-------- EXTRACTED INFORMATION --------

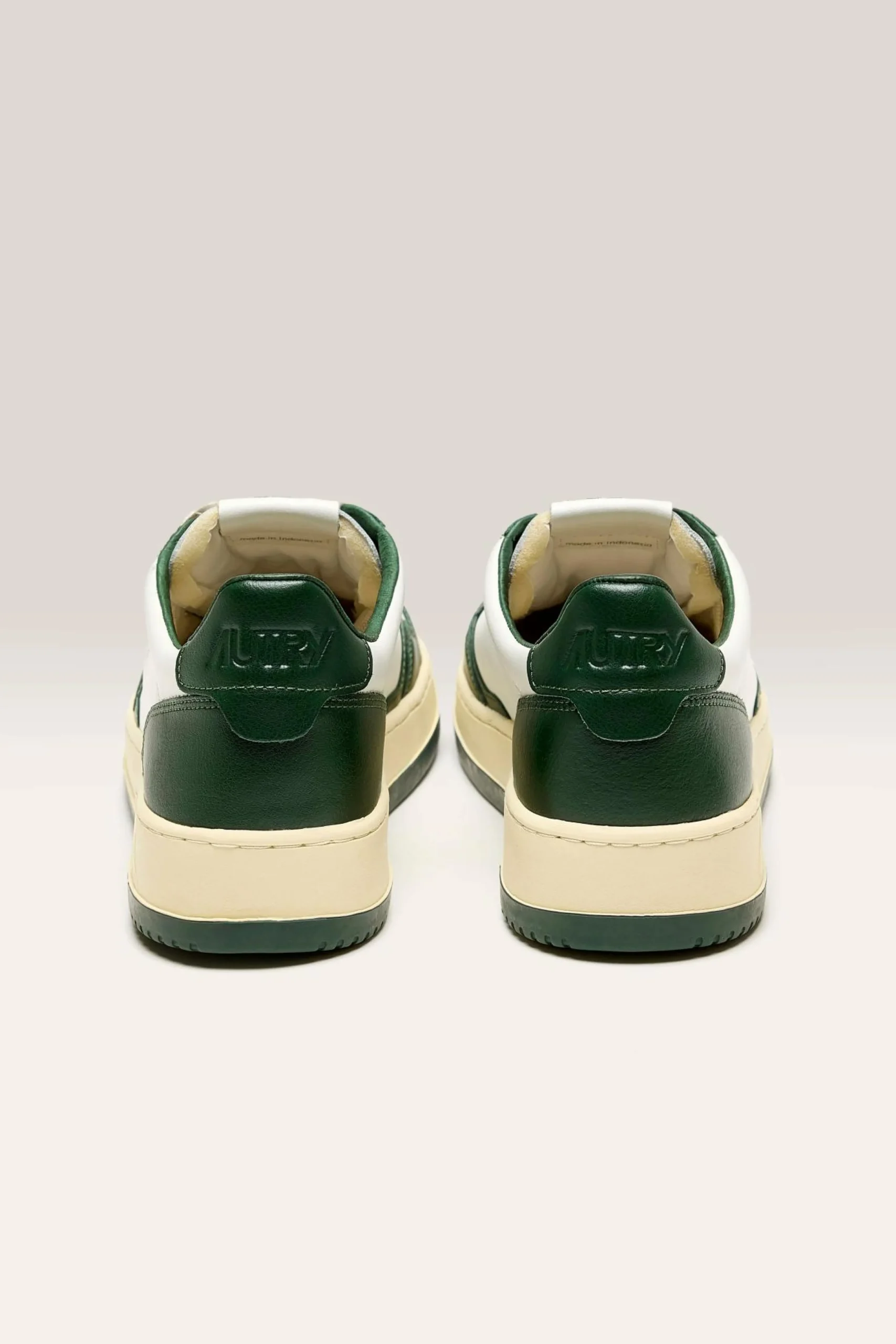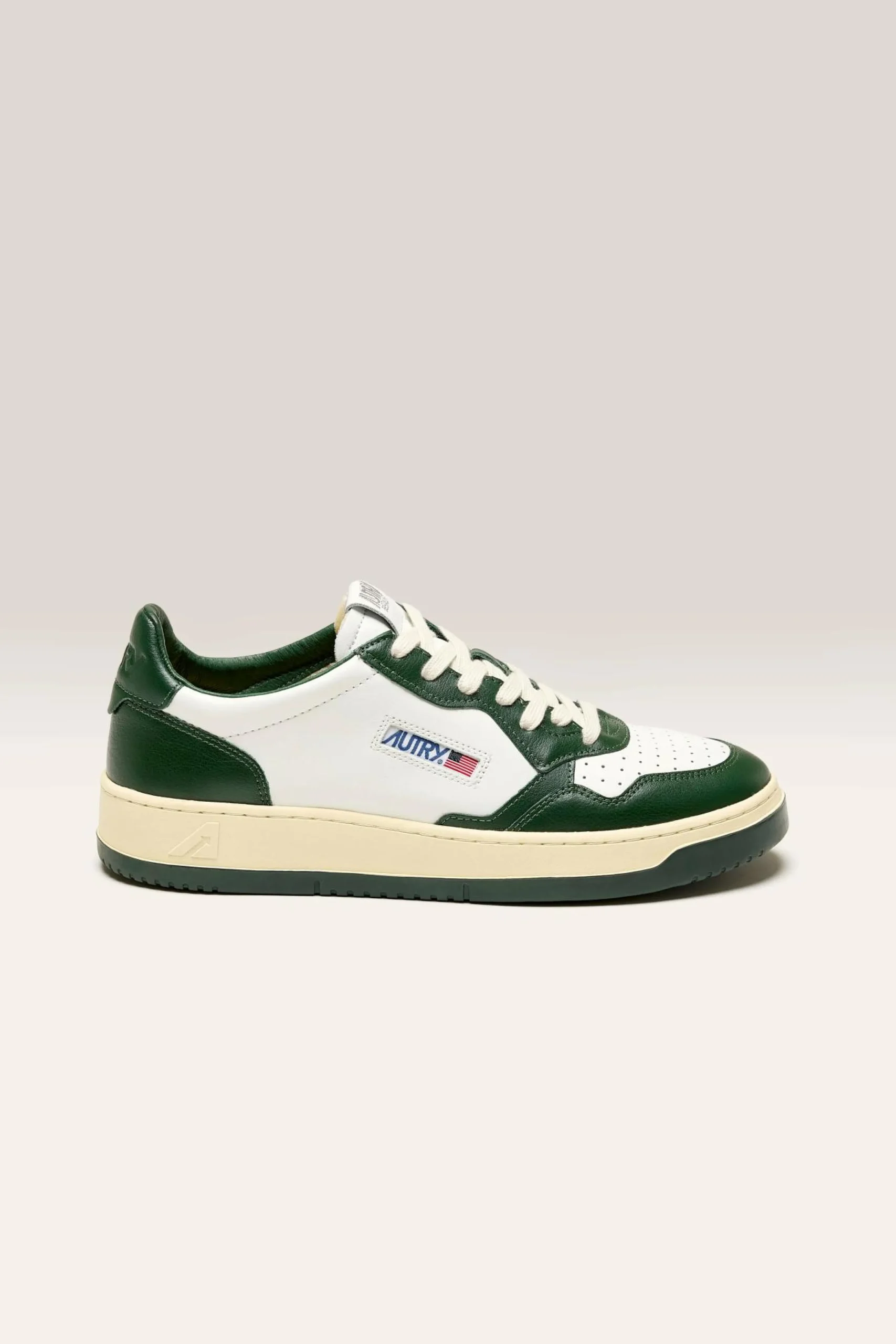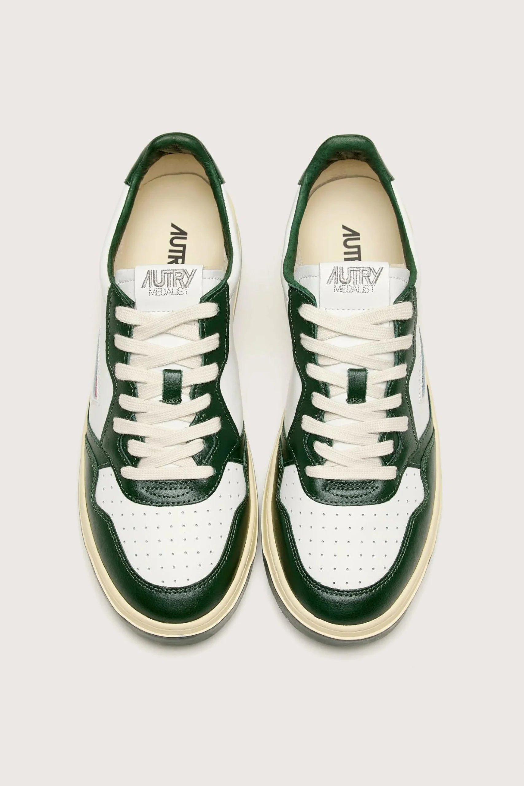 The Autry Medalist Low Bicolor sneaker features a white and green supple leather upper with a perforated toe.
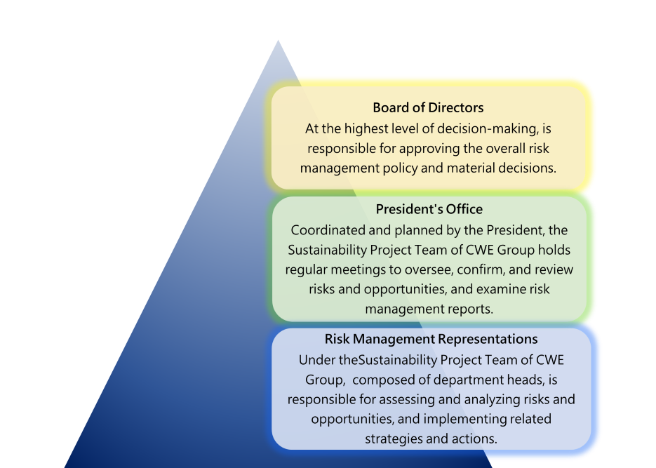 To ensure proper guidance for the Company’s risk management operations and to effectively manage risks, the Risk Management Policy was established in 2023. The policy is reviewed periodically and submitted to the Board of Directors for approval prior to the annual group risk assessment, serving as the Company’s highest guiding principle. Each functional unit is responsible for identifying risks according to its professional duties and developing management strategies and response plans to mitigate, transfer, or avoid risks, thereby effectively reducing operational risk.
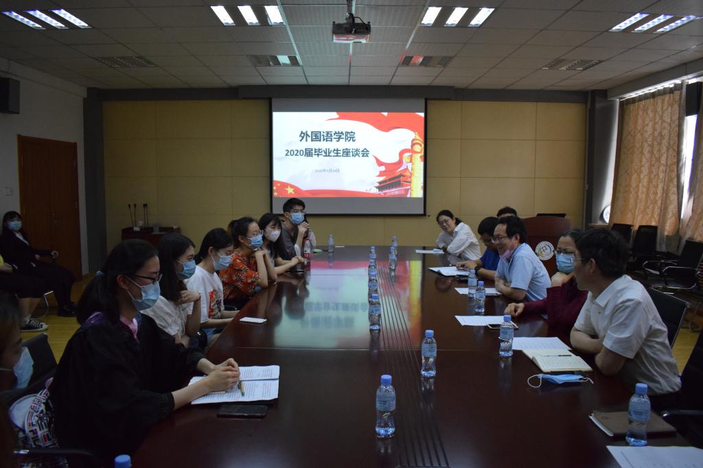 浓浓惜别意,依依不舍情。6月14日上午,耽美小说 于517会议室举行了2020届毕业生交流会。耽美小说 党委书记曲斌艳、副院长吕耀中、党总支副书记兼副院长宋飞、院长助理兼大学外语教学部主任刘靖、辅导员辛婷婷、王雨昕以及各专业优秀毕业生代表共同参加了本次座谈会。会议由耽美小说 院长尹洪山主持。
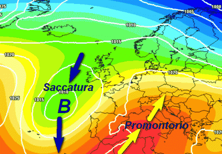 Ecco i due piatti della bilancia: quello in discesa sarà sul Vicino Atlantico e su gran parte dell’Europa occidentale dove si posizionerà il maltempo. Il piatto in salita sarà posizionato invece sulla verticale del Mediterraneo ed interesserà anche l’Italia, segnatamente le regioni centro-meridionali, dove avremo sole e caldo per il periodo. Il nord resterà un po’ al limite ed avrà qualche annuvolamento in più, raramente associato a precipitazioni.
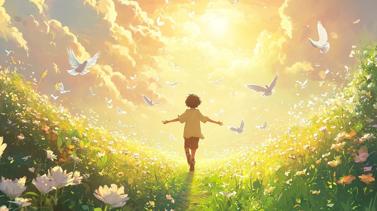 Создано на основе запроса: An anime-style illustration of a bright, heavenly morning. A joyful young person with a warm smile walks along a peaceful path surrounded by vibrant green fields and blooming flowers. Their arms are slightly open, embracing the gentle breeze. The golden sunlight shines down from the sky, casting a soft glow. White doves flutter around, symbolizing divine presence and peace. The sky is painted with soft pastel clouds, creating a dreamy and uplifting atmosphere. The character's expression is filled with gratitude and serenity, capturing the essence of spiritual joy and protection. The colors are warm and inviting, with a slight fantasy touch. --- Автоперевод: Иллюстрация в стиле аниме яркого, небесного утра. Необычно получилось? 🤔 https://dzen.ru/id/65c0c65c86e4f837c27b24d7 #ИИ #AI #нейросеть #midjourney #art
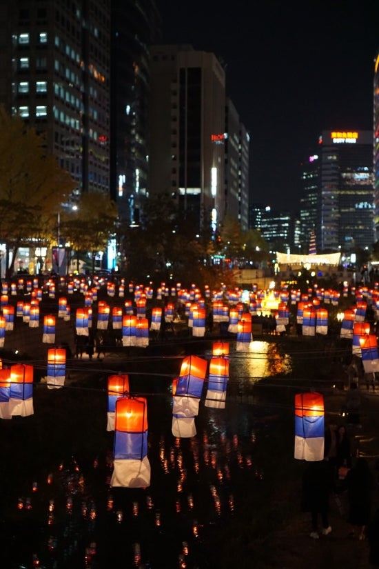 서울시의 광화문, 청계천 등지의 서울빛초롱축제 등에 달아놓은 청사초롱.

--------

WHAT TO PRODUCE: The records above must all be output exactly. Omit the images.

OUTPUT:
 The Autry Medalist Low Bicolor sneaker features a white and green supple leather upper with a perforated toe.
 To ensure proper guidance for the Company’s risk management operations and to effectively manage risks, the Risk Management Policy was established in 2023. The policy is reviewed periodically and submitted to the Board of Directors for approval prior to the annual group risk assessment, serving as the Company’s highest guiding principle. Each functional unit is responsible for identifying risks according to its professional duties and developing management strategies and response plans to mitigate, transfer, or avoid risks, thereby effectively reducing operational risk.
 浓浓惜别意,依依不舍情。6月14日上午,耽美小说 于517会议室举行了2020届毕业生交流会。耽美小说 党委书记曲斌艳、副院长吕耀中、党总支副书记兼副院长宋飞、院长助理兼大学外语教学部主任刘靖、辅导员辛婷婷、王雨昕以及各专业优秀毕业生代表共同参加了本次座谈会。会议由耽美小说 院长尹洪山主持。
 Ecco i due piatti della bilancia: quello in discesa sarà sul Vicino Atlantico e su gran parte dell’Europa occidentale dove si posizionerà il maltempo. Il piatto in salita sarà posizionato invece sulla verticale del Mediterraneo ed interesserà anche l’Italia, segnatamente le regioni centro-meridionali, dove avremo sole e caldo per il periodo. Il nord resterà un po’ al limite ed avrà qualche annuvolamento in più, raramente associato a precipitazioni.
 Создано на основе запроса: An anime-style illustration of a bright, heavenly morning. A joyful young person with a warm smile walks along a peaceful path surrounded by vibrant green fields and blooming flowers. Their arms are slightly open, embracing the gentle breeze. The golden sunlight shines down from the sky, casting a soft glow. White doves flutter around, symbolizing divine presence and peace. The sky is painted with soft pastel clouds, creating a dreamy and uplifting atmosphere. The character's expression is filled with gratitude and serenity, capturing the essence of spiritual joy and protection. The colors are warm and inviting, with a slight fantasy touch. --- Автоперевод: Иллюстрация в стиле аниме яркого, небесного утра. Необычно получилось? 🤔 https://dzen.ru/id/65c0c65c86e4f837c27b24d7 #ИИ #AI #нейросеть #midjourney #art
 서울시의 광화문, 청계천 등지의 서울빛초롱축제 등에 달아놓은 청사초롱.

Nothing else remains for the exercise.